Parallelization of Optimization Procedure For Network Fitting

Description of problem

Hi everyone,

In a follow up to my question regarding fitting network models to exhibit realistic spontaneous mean firing rates, I tried to implement an optimization loop similar to what @mstimberg proposed in my other post, using the differential evolution algorithm in scipy. The code runs well for the case when the ‘workers’ parameter is set to 1, so that it only uses 1 core. However, this results in very long computation times for any optimization procedure and I would like to increase the number of workers utilized by the differential_evolution function. I tried to increase the number of workers (setting it to 3, 5 and -1) and the code starts running and I see the prints corresponding to each core. So, for example if I set the workers=3, essentially I see what I’m printing for a single run x 3, hence I can see that the optimization function is working. However, after some time, the process really slows down and stops running. (I believe) This is because I have not managed to implement a correct parallelization process in Brian2.

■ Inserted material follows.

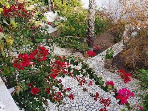 Une jolie terrasse avec vue sur mer avec des arcades concevant le charme typique de maisons d’Hammamet avec des jolies plantes tout autour de la maison.

Minimal code to reproduce problem

My script is part of a larger repository and it uses another script to construct the network , as well as various files for the neuron models I’m using. Essentially, the network represents a 17-population cortical patch, with recurrent connections between populations, as well as connections from background Poisson Groups with a particular firing rate (17 background rates). Each of these Poisson Groups targets a particular population with a certain synaptic weight, which I am trying to fit in order to obtain experimentally relevant spontaneous mean firing rates across the 17 populations.

I cannot post all my code, so it will not be enough to reproduce the problem, but I believe it illustrates the problem I am trying to solve. In essence, I have to be able to make the optimization loop work across multiple cores so that I can run the procedure faster (and also to be able to run it on a cluster). There are some irrelevant lines of code for this context, but please let me know if I can provide any additional details.

from brian2 import *
import network_main
from network_parameters import net_dict
from utils.utils import save_config, create_run_folder, setup_loggers
import csv
import pandas as pd
from collections import defaultdict
import hydra
from omegaconf import DictConfig
from omegaconf import OmegaConf
import os
import logging
from scipy.optimize import differential_evolution
prefs.codegen.target = 'numpy'
defaultclock.dt = 0.1*ms # Time resolution of the simulation
np.random.seed(net_dict['Seed']) 

# Target firing rates in Hz
target_rates = [0.18, 0.27, 3.10, 3.63, 7.97, 1.06, 3.89, 1.89, 0.85, 2.22, 4.58, 3.78, 6.50, 0.93, 4.61, 6.30, 2.90]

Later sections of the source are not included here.